Another epidemic afflicting African women is violence, all too often perpetrated with impunity. Sexual violence is used as a tactic of war. However, it is also a disturbing feature of home life; 37 percent of African women report having been abused by their partner. In the case of female genital mutilation and child marriage, such violence is culturally sanctioned. We must change laws, judicial systems and attitudes that exonerate the perpetrators, and we must provide help to victims.
Attitudes can change. Contraception, for example, was once a contentious issue. Today, most African leaders accept it as an important, cost-effective investment and as part of their countries’ economic-development strategies. Basic family planning in 16 Sub-Saharan countries could save more than US$1 billion in education costs alone. The number of maternal deaths could fall by one third, saving millions (in developing countries overall, maternal and newborn healthcare savings could reach US$5.7 billion). However, the sad reality is that, despite support from various development partners and donors, assistance for reproductive healthcare and family planning fell by half in the past decade.

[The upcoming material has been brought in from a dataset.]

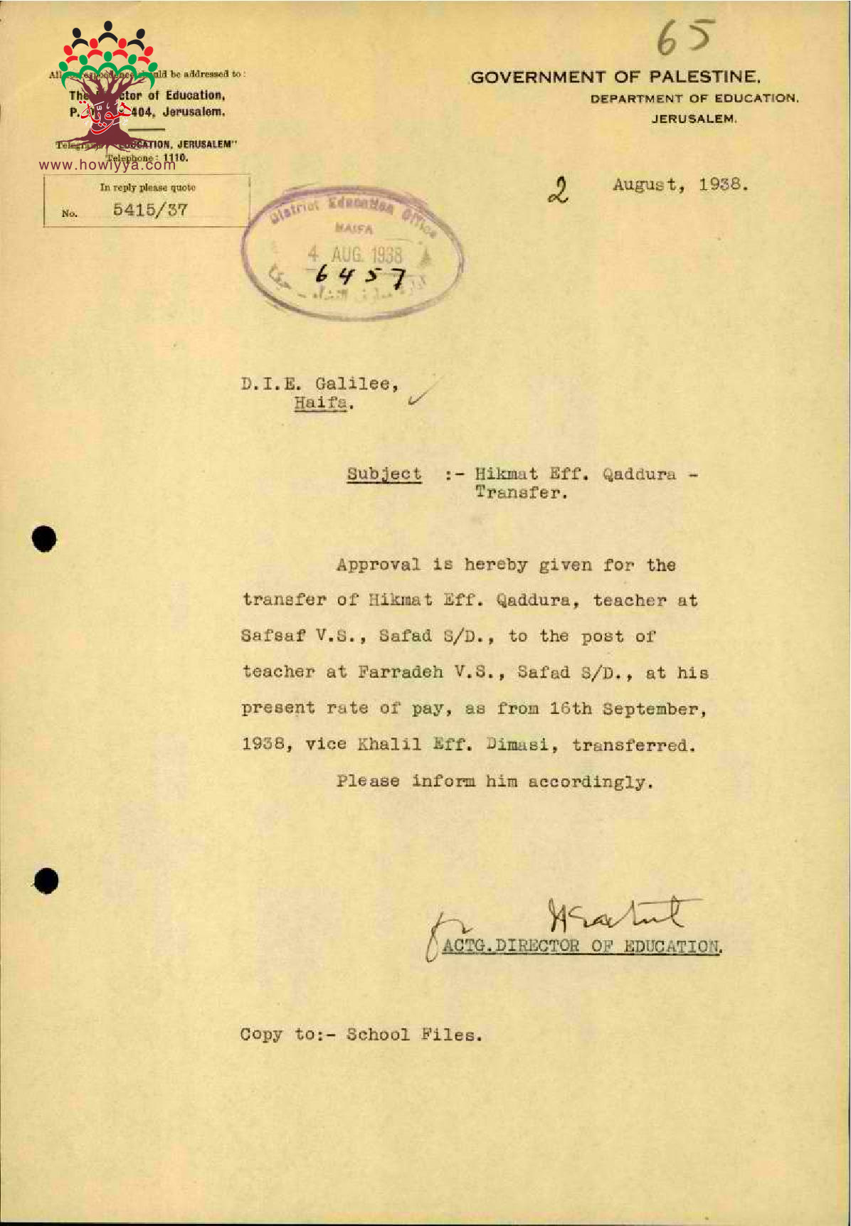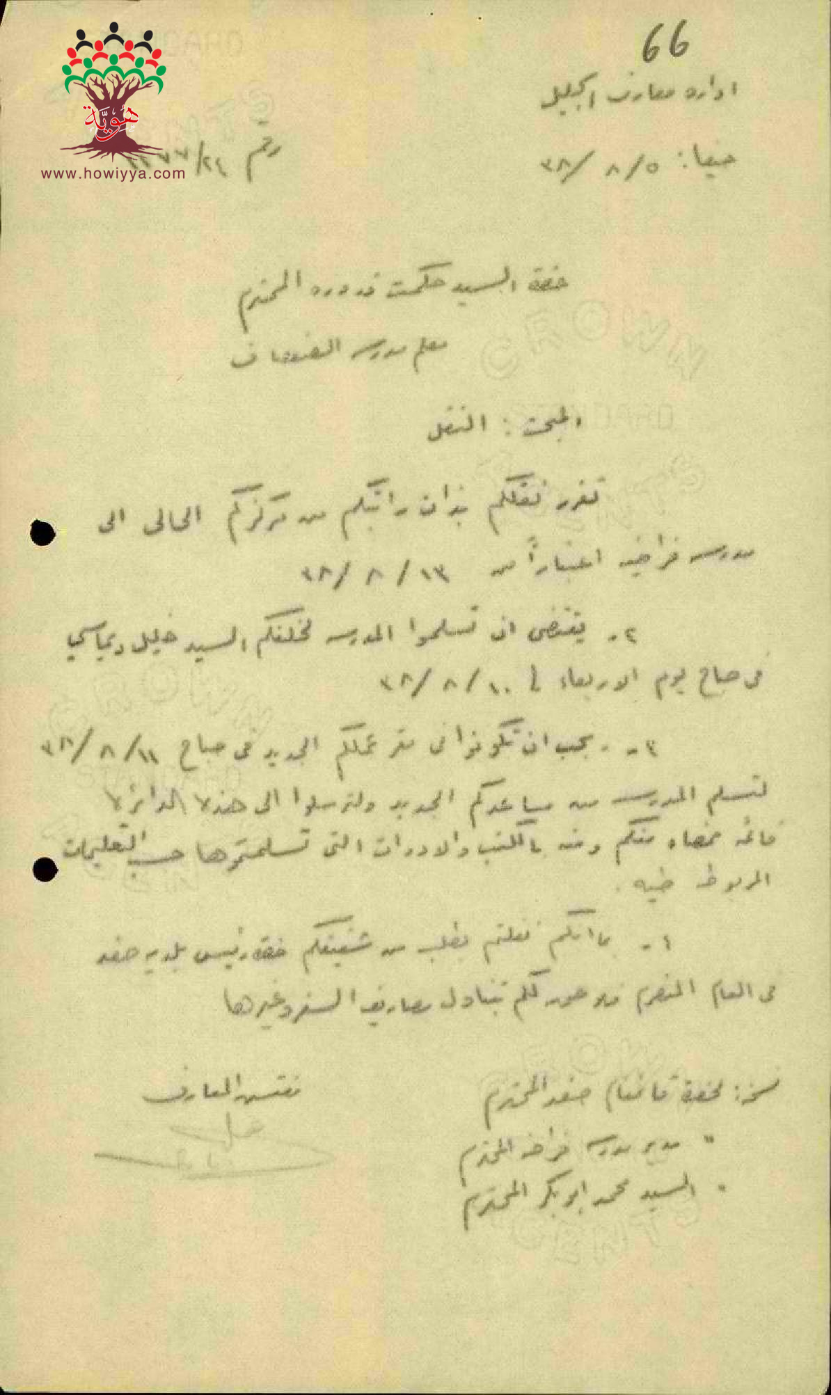 رسائل بخصوص نقل المعلم حكمت قدورة من مدرسة الصفصاف الى مدرسة فراضية

The compounding benefits of ending legal, economic and gender discrimination are vast. Healthier, wealthier and better-educated women tend to produce healthier, wealthier and better-educated families, because women typically invest more of their earnings than men do in their children’s wellbeing. With the continent’s population forecast to double by 2050, there is hardly a better time to invest in women and girls. It is as much an economic as an ethical argument.
Joaquim Chissano, a former president of Mozambique, co-chairs the High-Level Task Force for the International Conference on Population and Development.